6G for Automotive: How can we plan when we are only just getting to grips with 5G?
The AECC recently held its final All-Member Meeting of the year. The opening keynote presentation, “6G for Automotive: How can we plan when we are only just getting to grips with 5G?” was led by Kurt Dusterhoff of SBD Automotive. Kurt provided a brief overview of where connected vehicles are today, where they are going tomorrow, and how that relates to 6G’s deployment plan and the connected services ecosystem.
Kurt began by presenting an outline of the automotive industry’s place on the 6G timeline over the next 20 years. It is expected that 4G and basic 5G will continue production through 2040. From an automotive perspective, widespread penetration of semiautonomous vehicles is expected by 2030. This will also likely be the year when we’re exposed to the beginning of 6G vehicles.
Realistically, high 5G penetration rates into the main market and vehicle fleet are not coming until 2027/2028 due to vehicle costs, regulatory pressures, and architecture pressures. SBD Automotive expects it to take 2-4 years for 5G architecture and vehicle rollout plans to come to fruition, at which point we can expect to see 50% of connected vehicles launching with 5G and more than 50% of manufacturers with extensive 5G capabilities. The chip supply crisis, relatively low consumer-facing benefits of 5G over LTE-A for embedded connectivity, and the architecture/vehicle rollout plans mean that as 6G becomes real, the automotive industry will only just be catching up with 5G.
Once autonomous vehicles are fully operating between 2030 and 2040, 5G will be reaching the end of its career. Based on these predictions, plans for 6G as an industry could then begin.
Today, we can start thinking about how automotive use cases for 6G could work and over the next few years evolve into discovering how use cases will work. We’ll be on our way to introducing 6G in several vehicles by 2030, and later in the decade, 6G will become more prevalent. Stakeholders from across industries need to collaborate to ensure that their respective visions can align with specifications and requirements.
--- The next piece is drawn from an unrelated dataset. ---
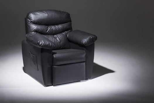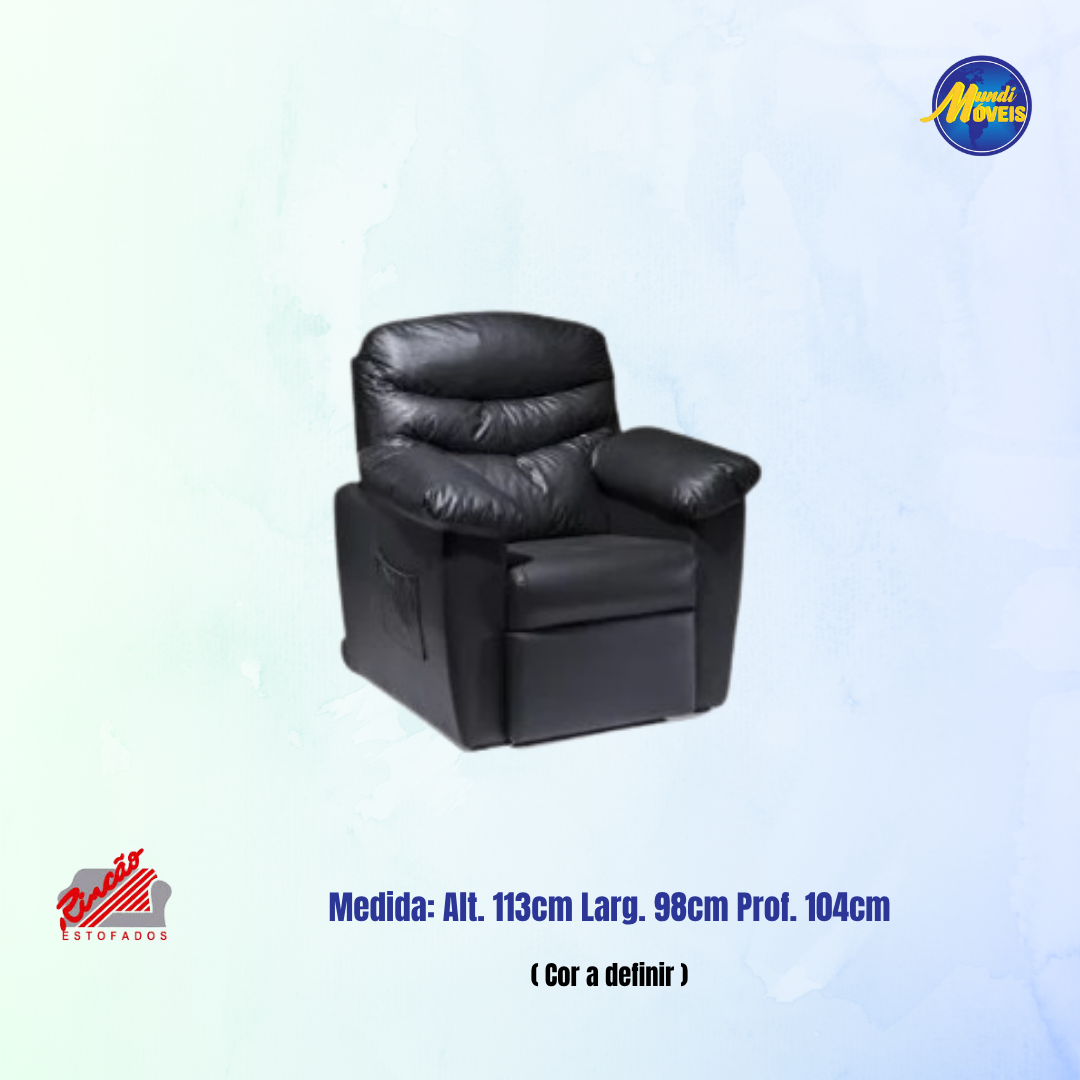 A almofada do encosto é fixa com enchimento de fibra siliconizada e flocos de espumas, o encosto reclina com máquina de ferro e tem apoio para os pés quando reclinado.

Where might 6G touch the automotive space? There are several areas.
- Public Safety & Critical Asset Protection
The ability to detect threats and monitor personal and device health remotely can be supported through the added bandwidth and ‘device density’ of 6G infrastructure.
- Cyber-Physical Fusion
Ability to quantify and analyze the physical environment in cyber space.
- Vehicle Sensing
Integrated Sensing and Communications within 6G can improve vehicle sensors and turn vehicles into sensors themselves.
- Mobile Holograms
3D hologram displays can create a next gen media opportunity.
- Autonomous Vehicles
Bandwidth, faster transmission, in-network processing, and increased device density all get “more” with 6G – supporting advances in vehicle autonomy.
- Extended Reality
Greater hardware capability and wireless capacity from 6G will enable additional XR opportunities in the vehicle.
Leading automotive tech companies will start to allocate real resources for 6G ideation soon to support concept and specification development more actively. Vehicle manufacturers will steadily come on board over the next 10 years, depending on their technology strategies.
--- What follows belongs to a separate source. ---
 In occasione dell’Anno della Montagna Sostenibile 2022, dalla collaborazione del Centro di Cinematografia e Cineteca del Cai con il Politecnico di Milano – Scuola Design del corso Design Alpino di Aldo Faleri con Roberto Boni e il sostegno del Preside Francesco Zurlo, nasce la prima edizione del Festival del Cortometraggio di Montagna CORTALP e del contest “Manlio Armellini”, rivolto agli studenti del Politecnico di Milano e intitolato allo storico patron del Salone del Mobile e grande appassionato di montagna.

The AECC brings together some key players (tech providers, MNOs, and Automotive OEMs) for early engagement with 6G. But the industry needs wider collaboration than just AECC membership. While widespread 6G adoption is still a way off, now is the time to start thinking about overlaps with other automotive consortia that are either 6G intensive or focused on autonomous vehicles in a way that’s beyond the capabilities of 5G.
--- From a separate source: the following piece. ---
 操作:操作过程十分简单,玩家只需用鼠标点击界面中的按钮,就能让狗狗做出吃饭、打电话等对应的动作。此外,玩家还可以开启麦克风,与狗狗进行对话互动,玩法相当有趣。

We need additional stakeholders from different views, markets, and approaches to collaborate with AECC. The AECC can begin work on piecing together and assuring our voice is heard in a wider context. All stakeholders should gather requirements and understand how to drive future technologies in the same direction.
Throughout the automotive industry, technology has continued to advance. The AECC is proud to contribute to driving the connected vehicle services ecosystem forward at this exciting time in the industry. Special thanks to Kurt Dusterhoff for taking the time to present on this interesting topic.